■ Instructions to follow: Pictures appear among the records below and must be omitted. Repeat exactly the lines from the line with "AF-AP-2315 ULTRAFLO Drum Wrench" to the line with "Sound-Signaling Device (whistle)", both included.

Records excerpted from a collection

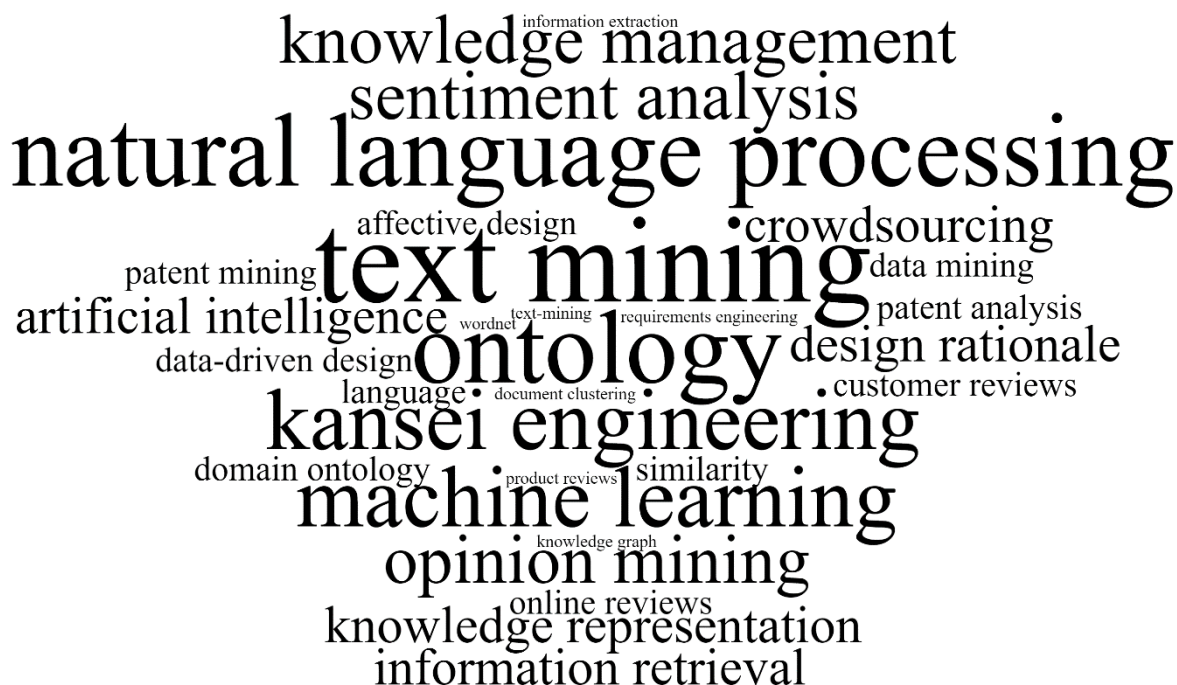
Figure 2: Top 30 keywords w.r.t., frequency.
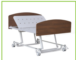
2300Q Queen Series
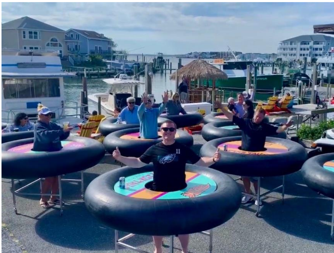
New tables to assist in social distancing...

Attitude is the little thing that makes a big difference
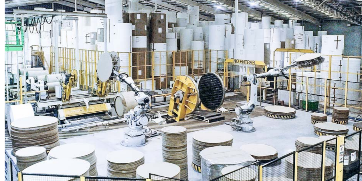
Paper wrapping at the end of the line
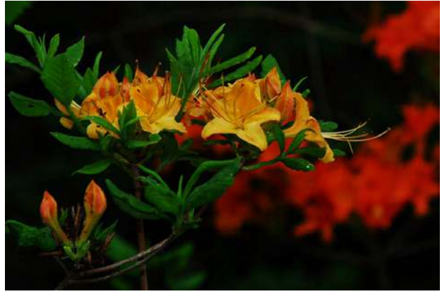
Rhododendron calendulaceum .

* * *

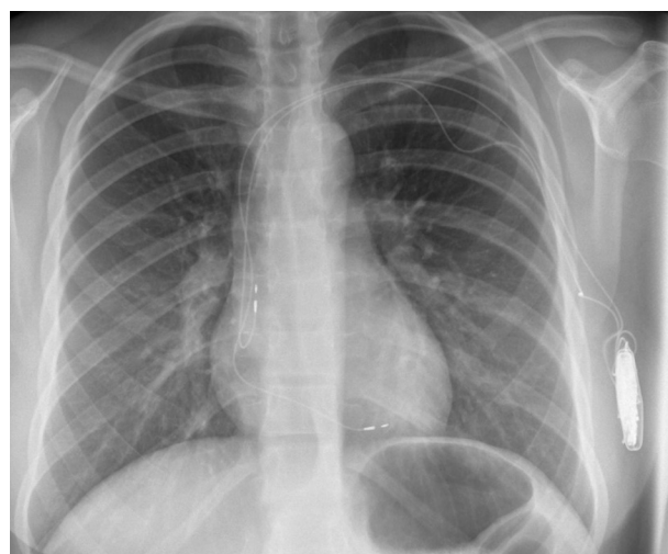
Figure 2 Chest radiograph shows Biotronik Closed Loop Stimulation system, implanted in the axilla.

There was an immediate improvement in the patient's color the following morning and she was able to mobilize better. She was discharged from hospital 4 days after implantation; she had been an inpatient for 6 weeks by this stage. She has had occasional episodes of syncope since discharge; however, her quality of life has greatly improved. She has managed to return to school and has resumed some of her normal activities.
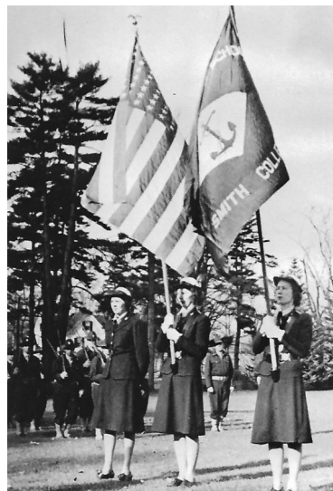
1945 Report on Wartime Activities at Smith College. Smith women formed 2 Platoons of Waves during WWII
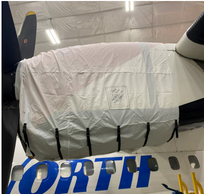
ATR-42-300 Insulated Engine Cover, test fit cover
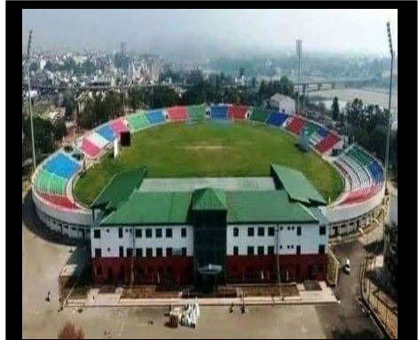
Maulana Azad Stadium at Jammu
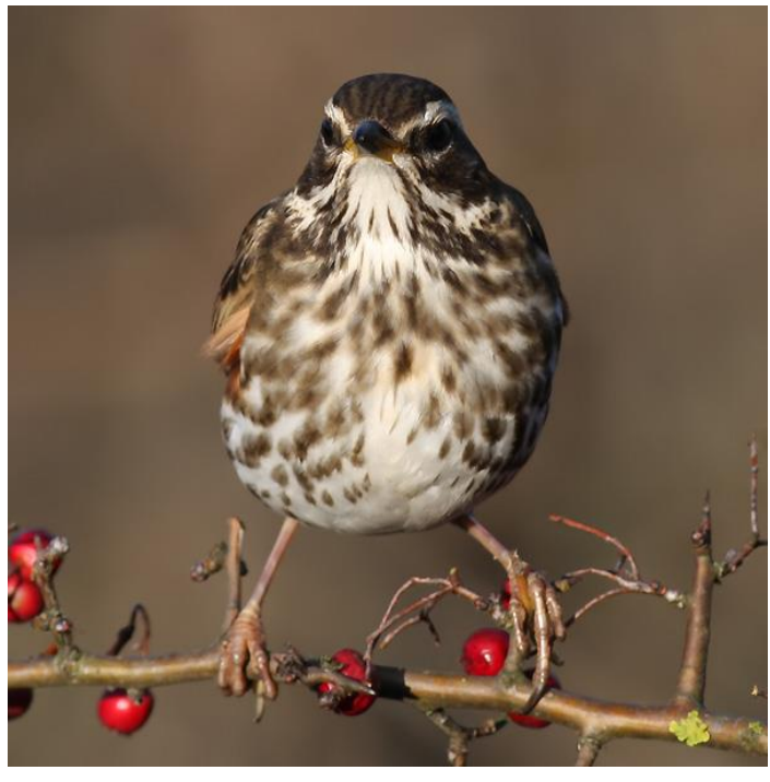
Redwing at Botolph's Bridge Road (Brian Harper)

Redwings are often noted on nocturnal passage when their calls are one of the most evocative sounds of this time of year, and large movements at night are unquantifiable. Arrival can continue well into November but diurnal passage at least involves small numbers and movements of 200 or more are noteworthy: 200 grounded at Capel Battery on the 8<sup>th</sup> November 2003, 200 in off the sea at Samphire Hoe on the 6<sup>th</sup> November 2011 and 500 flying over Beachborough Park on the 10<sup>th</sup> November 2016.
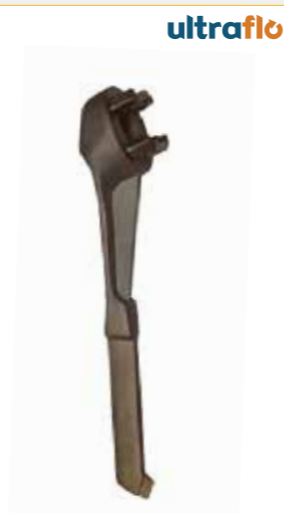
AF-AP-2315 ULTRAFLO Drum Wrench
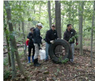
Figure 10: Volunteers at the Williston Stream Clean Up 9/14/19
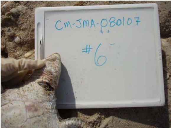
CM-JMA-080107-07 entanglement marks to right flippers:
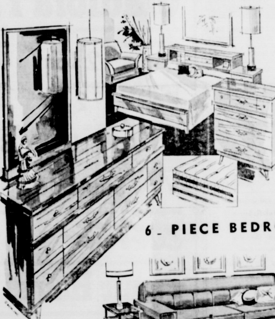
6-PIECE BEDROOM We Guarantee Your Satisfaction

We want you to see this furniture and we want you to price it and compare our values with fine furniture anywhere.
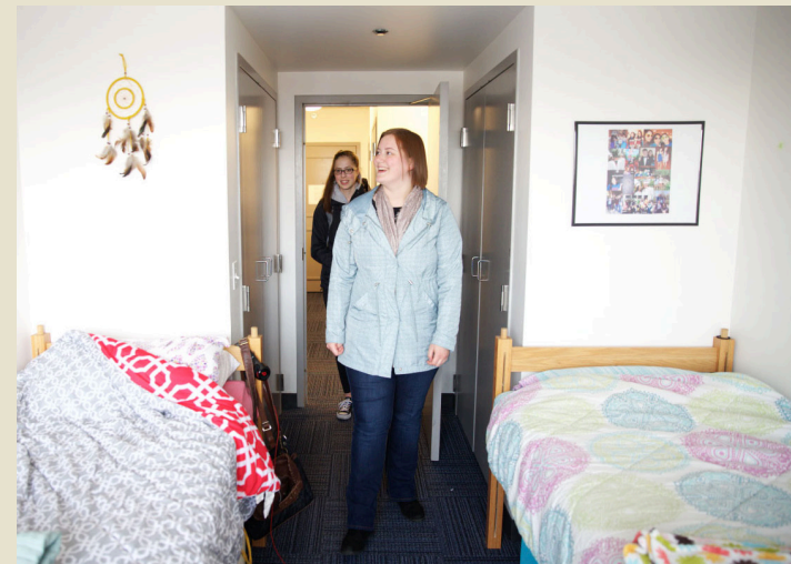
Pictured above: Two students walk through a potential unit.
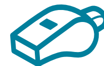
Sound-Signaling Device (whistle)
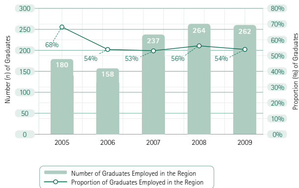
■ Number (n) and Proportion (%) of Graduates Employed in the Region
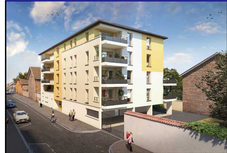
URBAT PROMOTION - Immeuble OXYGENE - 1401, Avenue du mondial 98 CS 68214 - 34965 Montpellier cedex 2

■ Solution below:
AF-AP-2315 ULTRAFLO Drum Wrench
Figure 10: Volunteers at the Williston Stream Clean Up 9/14/19
CM-JMA-080107-07 entanglement marks to right flippers:
6-PIECE BEDROOM We Guarantee Your Satisfaction

We want you to see this furniture and we want you to price it and compare our values with fine furniture anywhere.
Pictured above: Two students walk through a potential unit.
Sound-Signaling Device (whistle)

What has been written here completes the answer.